A Data-driven stochastic optimization framework that leverages big data in design and operation of power generation planning is proposed. The proposed approach is applied to different power planning models that include unit commitment (UC) characteristics where the size of uncertainty scenarios is reduced. Results show that the proposed approach is an effective tool to generate reduced size stochastic scenarios.

The design and operation of energy hub problem involves the integration of decision levels with different time scales that usually lead to multiscale models which are computationally costly. A mathematical programming-based general clustering approach is applied to reduce the size of multiple attributes input data and tackle the computational complexity of multiscale energy hub problems.
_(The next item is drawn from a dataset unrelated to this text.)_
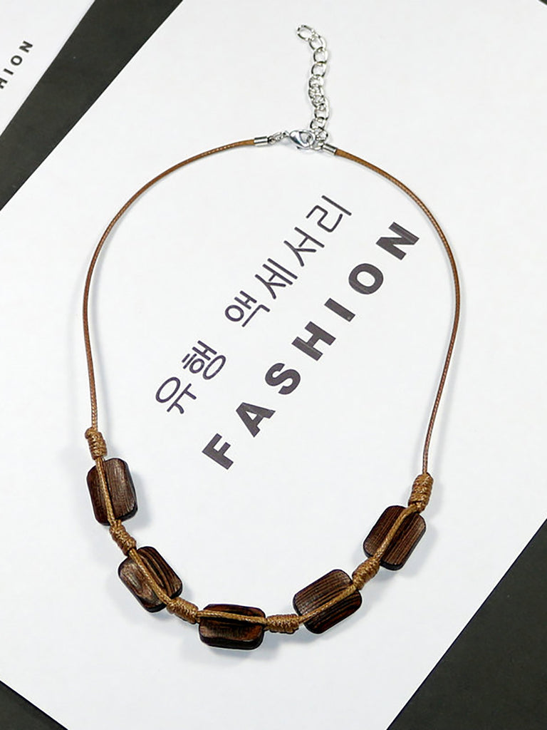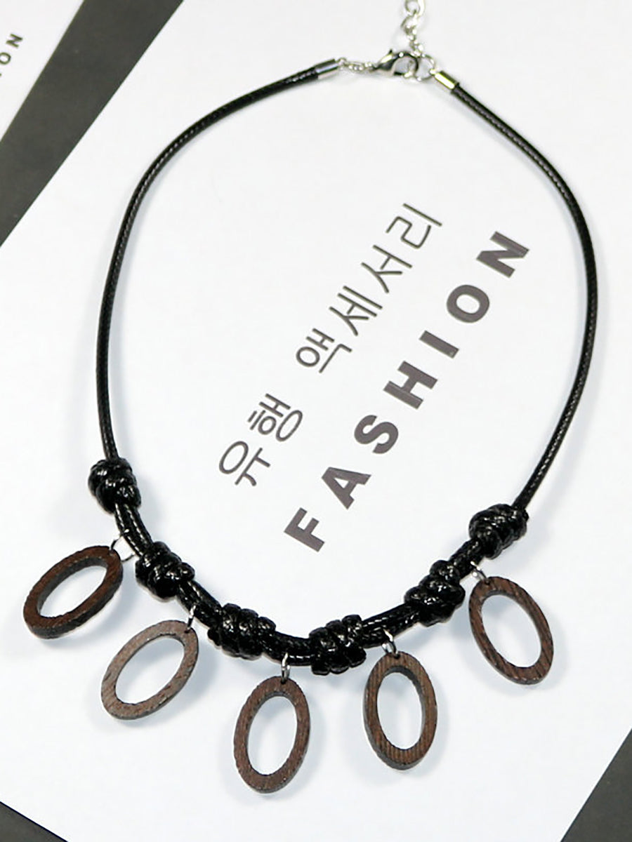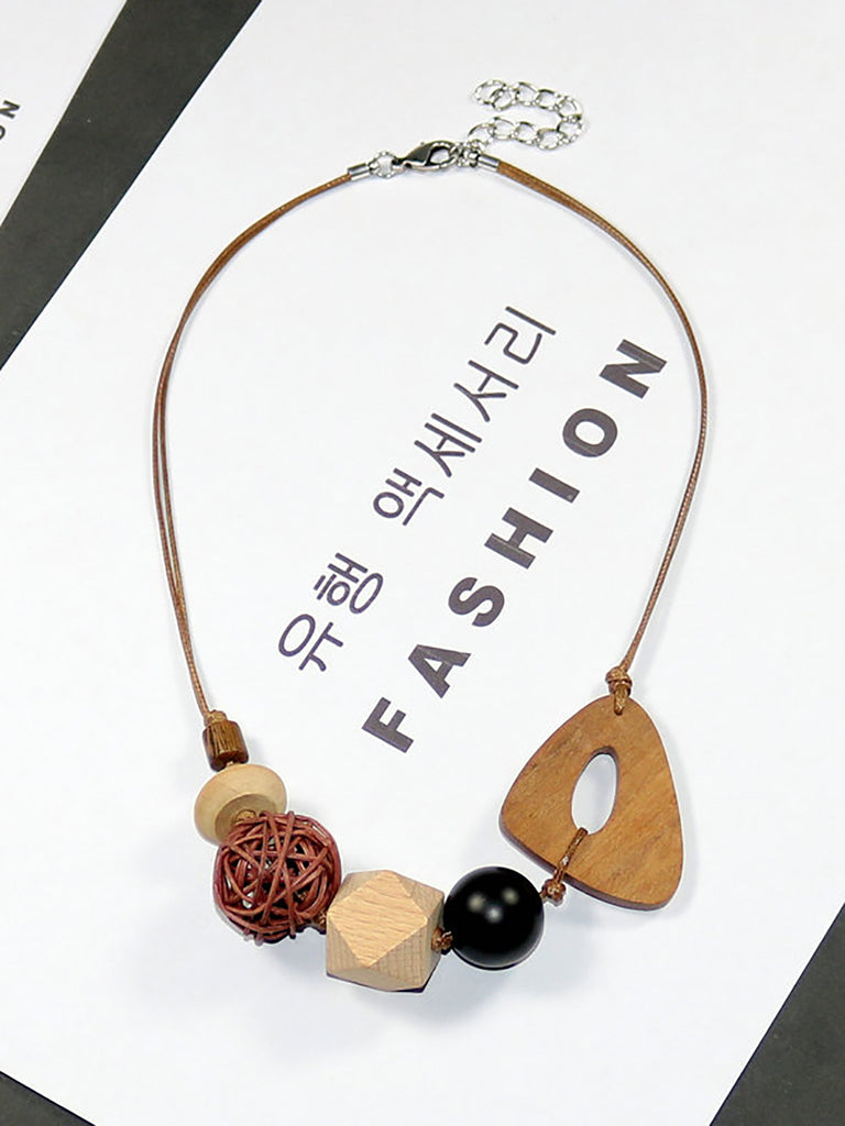 Women Artsy Wooden Straw Geometric Pendent Necklace

Different case studies are considered under different environmental and technical consideration. Assessments conclude that the clustering approach is an efficient tool to decrease the size of the original model while maintaining good results.

Modern improvements in supervised machine learning tools have demonstrated their ability to achieve accurate and efficient prediction results. Therefore, these tools are employed as alternative approaches to model a specific application in the gas industry. Results obtained from this study showcase the ability of the developed models to offer reliable and accurate predictions. A data-driven surrogate-based optimization framework is developed, where the developed machine learning models can be used as a suitable replacement for detailed first principal models, to find the optimal conditions at maximum cost-saving. The proposed approach can help the gas industry to simultaneously achieve process efficiency, profitability, and safety.